In 2022, many tech giants -- including Amazon, Alphabet, and Tesla -- split their stocks. While stock splits don't make stocks fundamentally cheaper, their lower trading prices often attract a lot of attention from smaller retail investors who weren't previously willing to pay hundreds or thousands of dollars for a single share.

One stock that might be ripe for a split in 2023 is ASML (ASML 1.14%), the Dutch semiconductor equipment maker that trades at around $550 per share. ASML has already split its stock four times, including 2-for-1 splits in 1997 and 1998, a 3-for-1 split in 2000, and an 8-for-9 reverse split (which was used to optimize its capital structure) in 2007.

Two silicon wafers.

Image source: Getty Images.

What does ASML do?

ASML is the world's largest manufacturer of photolithography systems, which are used to etch circuit patterns on silicon wafers. It's also the only producer of extreme ultraviolet (EUV) lithography systems, which are required to manufacture the world's smallest and densest chips.

A single EUV system costs up to $200 million and requires multiple planes to ship. Its largest customer, TSMC, can't produce its most advanced chips without ASML's EUV machines. Its other major EUV customers include TSMC's rivals Samsung and Intel.

ASML also supplies older deep ultraviolet (DUV) lithography systems to other chipmakers like Texas Instruments. Its smaller competitors in that market include Canon and Nikon.

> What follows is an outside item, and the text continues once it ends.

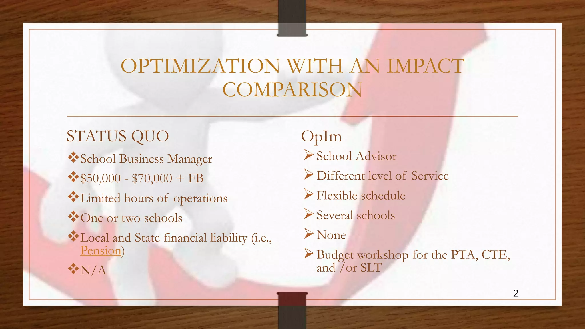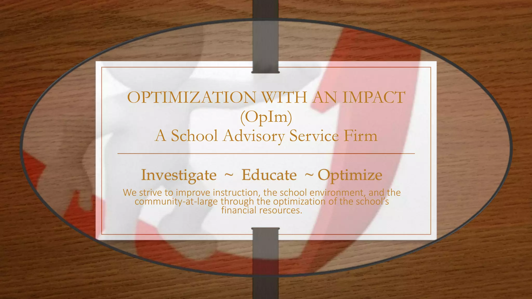 Optimization with an Impact (OPIM) is a school advisory service focused on enhancing instruction and school environments by optimizing financial resources. It offers various service levels at different costs, aimed to improve customer service, staff engagement, and compliance across multiple schools. OPIM's team, led by CEO Luis Taveras, brings over eight years of finance and operations experience and promotes budget workshops for participation from local stakeholders.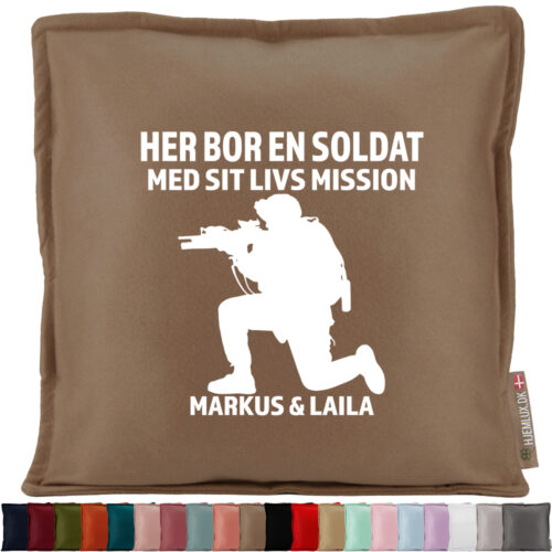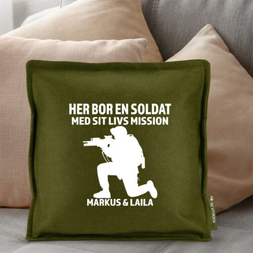 Her bor en soldat | Pyntepude i filt

How fast has ASML been growing?

ASML's dominance of the photolithography market makes it a linchpin of the global semiconductor market. That's why its annual revenue increased at a compound annual growth rate (CAGR) of 22% between 2016 and 2021 while its annual gross margin expanded from 44.8% to 52.7%.

ASML maintained that impressive growth trajectory even as it withstood a chip glut in 2019 (caused by the slowdown of the smartphone and PC markets) and disruptions from the trade war and the pandemic in 2020. That resilience suggests the company will easily bounce back from the current cyclical downturn in chip sales, which was triggered by slower sales of PCs in a post-pandemic market and macroeconomic headwinds for the enterprise sector.

During ASML's latest investor day presentation last November, it predicted it could generate 30 billion to 40 billion euros ($42.9 billion) in revenue in 2025 with a gross margin of 54%-56%. By 2030, it expects to generate 44 billion to 60 billion euros ($64.4 billion) in revenue with a gross margin of 56%-60%.

The midpoint of that forecast implies ASML can grow its annual revenue at a CAGR of 12% from 2021 to 2030. The top end of that guidance also means ASML's revenue will nearly triple from its 2022 estimate of 21.2 billion euros ($22.7 billion).

But will a stock split change anything?

If ASML does a 10-for-1 stock split and reduces its price from about $550 to $55, it won't change anything about the company. It's simply letting you buy a single slice of the same pizza instead of the whole pie.

Many brokerages also provide fractional trades now, which make stock splits even less relevant for smaller retail investors. Nevertheless, a split might still generate some fresh media buzz and capture the attention of new investors.

The main impact of a stock split will likely be felt in the options market, where a single contract is tethered to 100 shares. Right now, a single options contract for ASML is still pinned to $55,000 in underlying shares. A 10-for-1 stock split would lower that threshold to $5,500 and encourage more options trading among smaller investors. 

Heavier options trading, along with a lower stock price, could make ASML a more actively traded stock. That increased liquidity could bring in more active traders, but it shouldn't affect long-term investors who care more about ASML's role in the secular expansion of the semiconductor market instead of its near-term price swings.

Will ASML split its stock in 2023?

I don't think a stock split will be a top priority for ASML this year. Retail investors aren't enthusiastic about semiconductor stocks right now, and splitting its shares would arguably seem like a desperate cry for attention.

Investors shouldn't care if ASML splits its stock or not. Instead, they should appreciate ASML's monopolization of a crucial semiconductor technology, its unmatched pricing power, and its long-term growth potential. I believe those strengths make it one of the best semiconductor stocks to hold over the next decade.